Saving Data for Recomputation

When You Need This

By default, RoundPipe uses activation recomputation: it re-executes the forward pass during backward to recover intermediate activations. In most cases, recomputation produces results identical to the original forward pass (with preserve_rng_state=True ensuring consistent random behavior).

However, some model layers contain non-deterministic operations in their forward(): even with the same input, two executions may produce different results, or certain operations trigger GPU-CPU synchronization that hurts performance. Typical scenarios:

  • MoE expert routing: Routing decisions may depend on torch.topk selections that must stay consistent across recomputation.
  • Dynamic-shape operations: Operations like torch.nonzero() return tensors whose shape depends on input values and trigger GPU-CPU sync.
  • Conditional branches: A forward() that chooses different execution paths based on intermediate results.

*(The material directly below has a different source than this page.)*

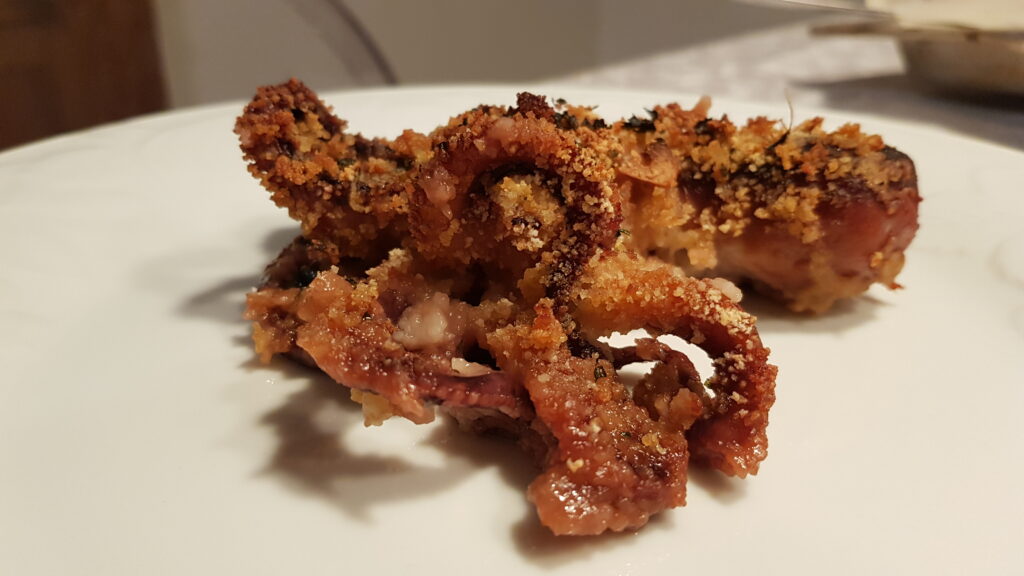 Pulite accuratamente i moscardini eliminando occhi, becco e interiora, quindi sciacquateli bene sotto l’acqua corrente. In una ciotola preparate un trito profumato con pangrattato, prezzemolo, aglio e un filo di olio extravergine d’oliva. Mescolatevi i moscardini in modo che si rivestano uniformemente della panatura.

For these cases, RoundPipe provides the save_for_recompute API, allowing you to save critical data during the forward pass and reuse it during recomputation instead of recomputing it.

API

save_for_recompute(*data)

Saves data during the forward pass for use during recomputation.

from roundpipe import save_for_recompute

save_for_recompute(routing_indices, expert_mask)
  • May be called at most once per layer's forward().
  • Saved tensors must not require gradients (requires_grad=False).
  • This is a no-op when gradient computation is disabled.

doing_recompute()

Checks whether the current execution is a recomputation pass.

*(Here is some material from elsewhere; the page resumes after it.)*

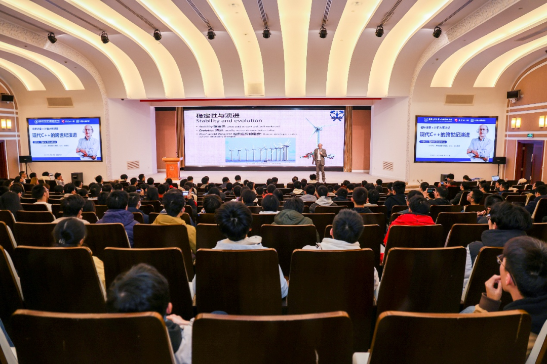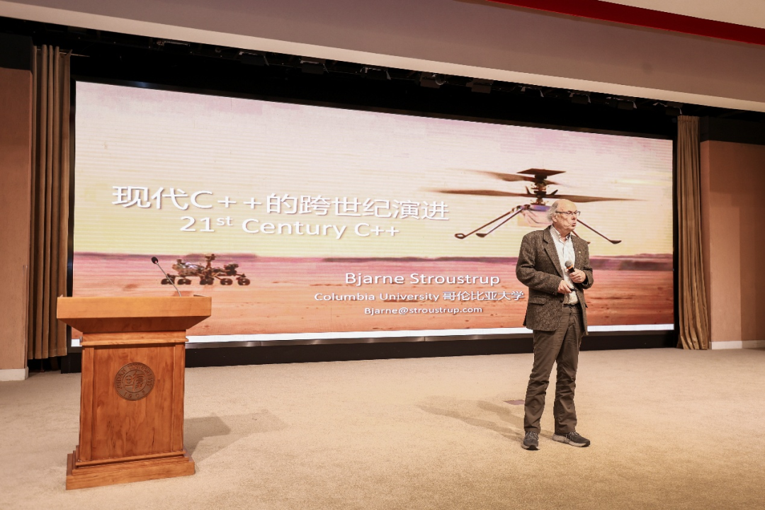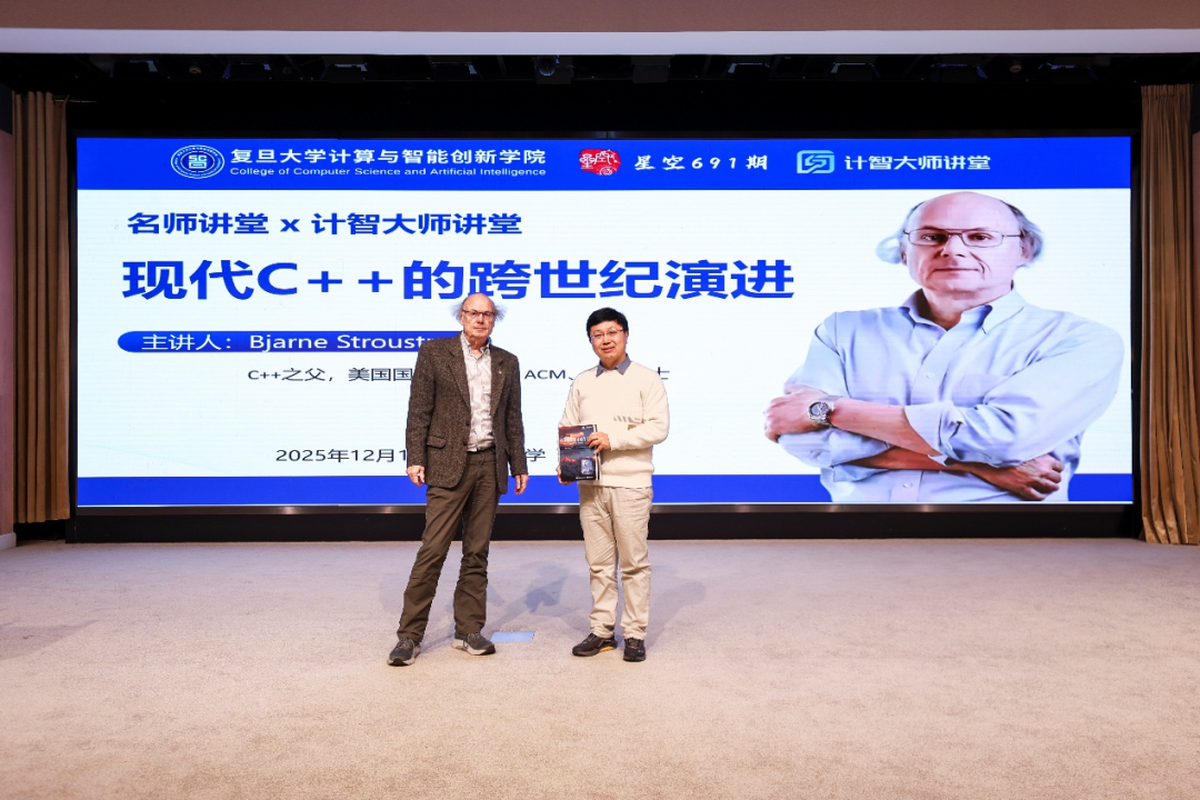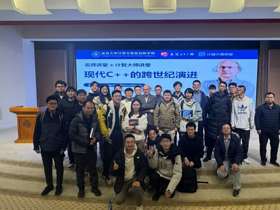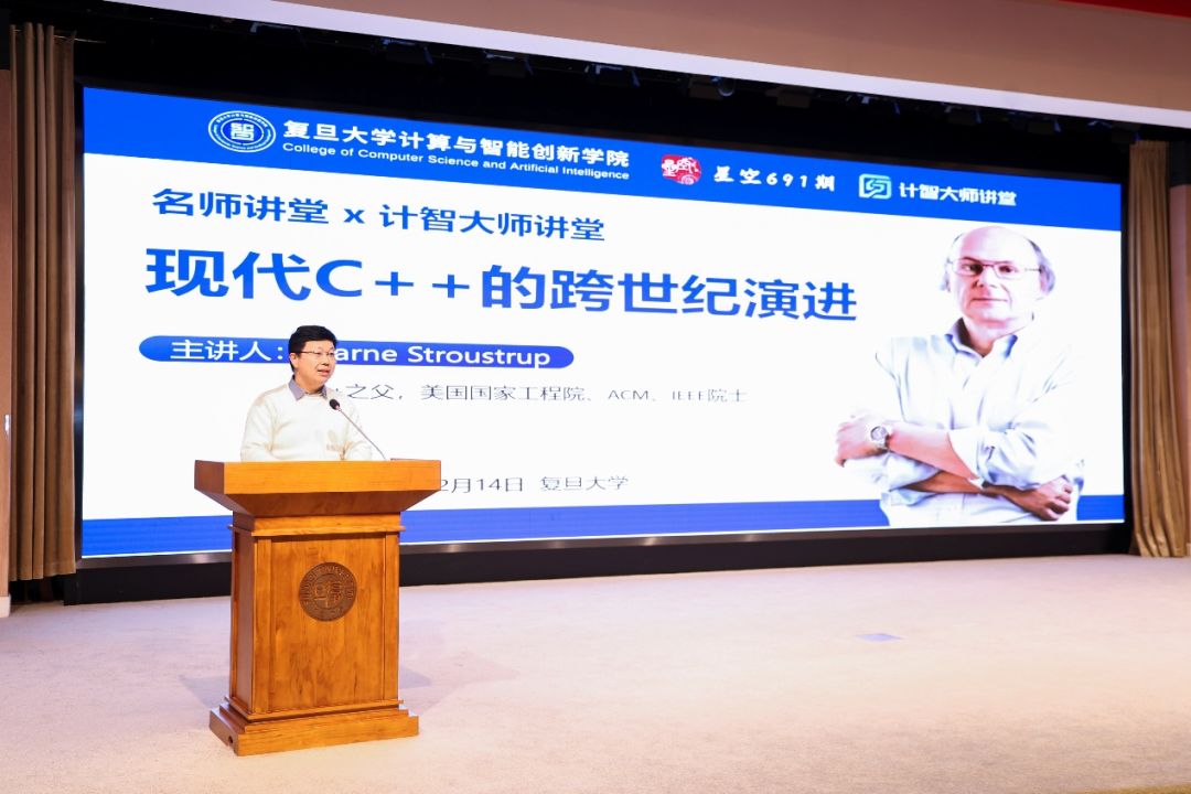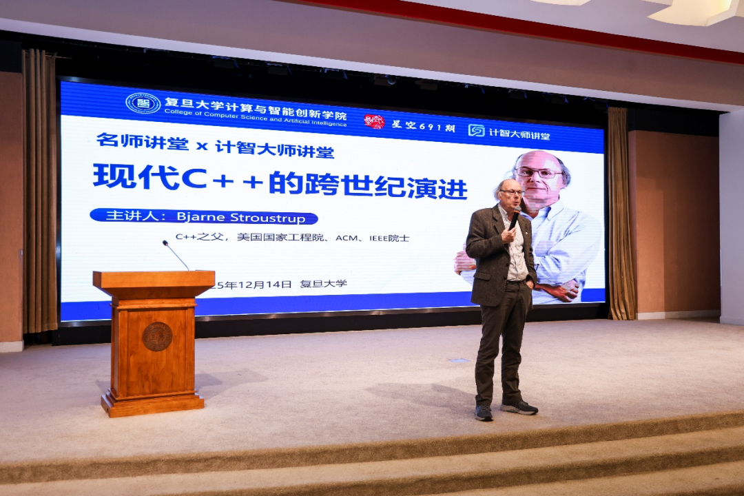 12月14日上午,复旦大学计算与智能创新学院、复旦大学团委联合主办的“名师讲堂”暨“计智大师讲堂”活动在邯郸校区光华楼东辅楼吴天凡报告厅成功举办。本次活动邀请到了C++之父Bjarne Stroustrup教授为广大师生及校友作报告,主题是《现代C++的跨世纪演进》。本次活动由复旦大学学生会、计算与智能学院分团委学生会、CSDN、奇点智能研究院协办。报告会由复旦大学计算与智能创新学院副院长彭鑫老师主持,来自学校各院系的师生以及校友300余人参加了本次活动。

from roundpipe import doing_recompute

if doing_recompute():
    # Currently in a recomputation pass
    ...
else:
    # Normal forward pass
    ...

get_recompute_data()

Retrieves data previously saved via save_for_recompute during a recomputation pass.

from roundpipe import get_recompute_data

data = get_recompute_data()  # Returns a tuple
  • Can only be called during recomputation; raises AssertionError otherwise.
  • Always returns a tuple, even if only one value was saved.

Examples

MoE Expert Routing Replay

import torch
import torch.nn as nn
from roundpipe import save_for_recompute, doing_recompute, get_recompute_data

class MoELayer(nn.Module):
    def __init__(self, num_experts, hidden_size, expert_size):
        super().__init__()
        self.gate = nn.Linear(hidden_size, num_experts)
        self.experts = nn.ModuleList([
            nn.Linear(hidden_size, expert_size)
            for _ in range(num_experts)
        ])

    def forward(self, x):
        if doing_recompute():
            # Recomputation: reuse the saved routing result
            selected_experts, = get_recompute_data()
        else:
            # Normal forward: compute routing and save it
            gate_logits = self.gate(x)
            routing_weights = torch.softmax(gate_logits, dim=-1)
            selected_experts = torch.topk(routing_weights, k=2, dim=-1).indices
            save_for_recompute(selected_experts)

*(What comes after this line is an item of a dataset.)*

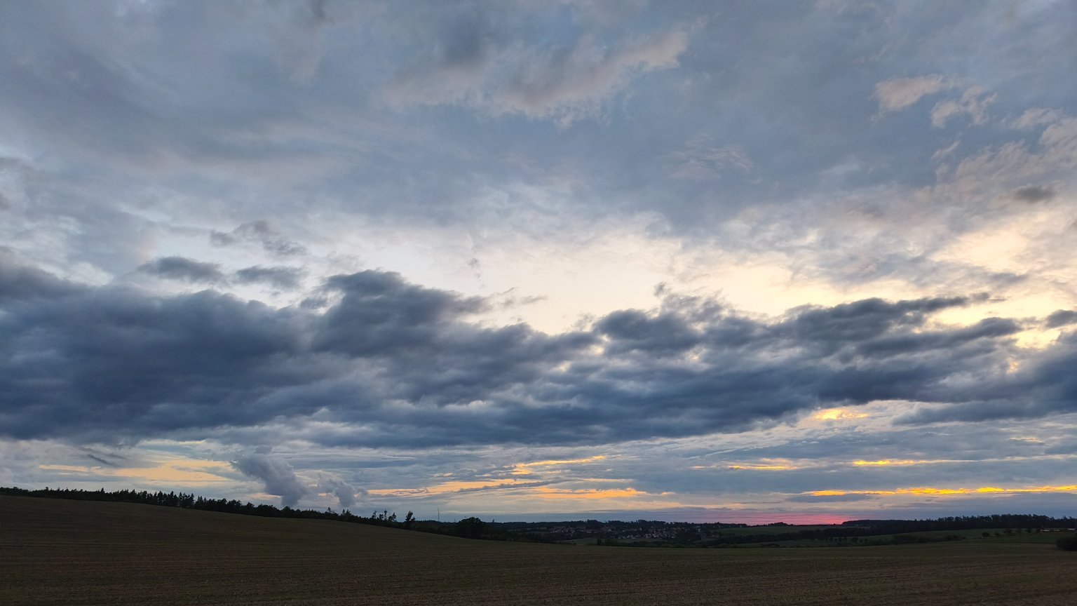 Částečně zataženo a slabý JZ vítr... krásné červánky
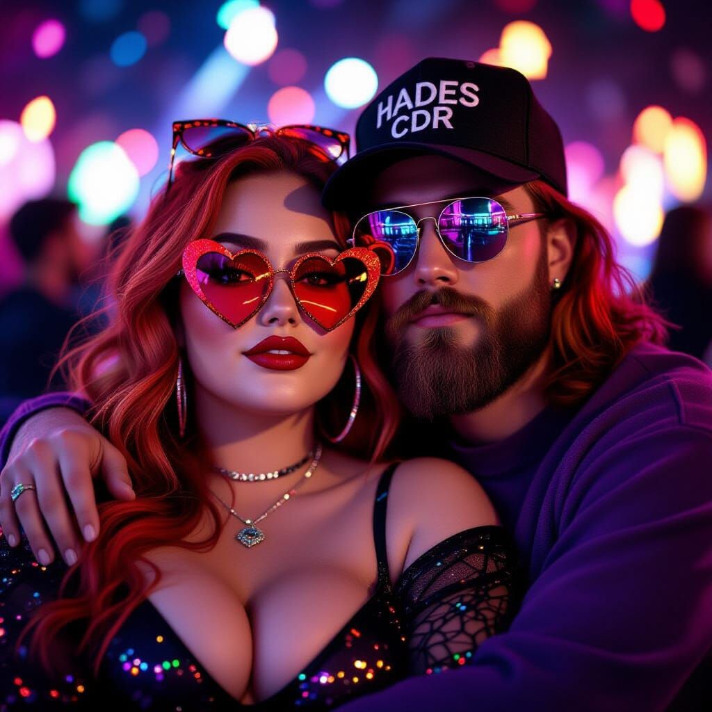 A romantic portrait of a chatty Canadian Gen-Z girl with a curvy figure and red heart-shaped sunglasses, wearing glittery black makeup and soft red lip stain, rests her head on the shoulder of a man with long red hair and a beard, donning spiral sunglasses and a royal purple sweater and black military ...

        # Use routing result for expert computation
        # ...
        return output

Avoiding GPU-CPU Synchronization

class SparseLayer(nn.Module):
    def forward(self, x):
        if doing_recompute():
            mask, = get_recompute_data()
        else:
            # torch.nonzero() triggers GPU-CPU sync (needs the count of non-zero elements)
            # Save the result to avoid re-syncing during recomputation
            mask = torch.nonzero(x > 0.5)
            save_for_recompute(mask)

        # Use mask for sparse computation
        return x[mask]

Conditional Branches

class ConditionalLayer(nn.Module):
    def forward(self, x):
        if doing_recompute():
            use_branch_a, = get_recompute_data()
        else:
            # Choose branch based on input statistics
            use_branch_a = (x.mean() > 0).item()  # Triggers GPU-CPU sync
            save_for_recompute(use_branch_a)

        if use_branch_a:
            return self.branch_a(x)
        else:
            return self.branch_b(x)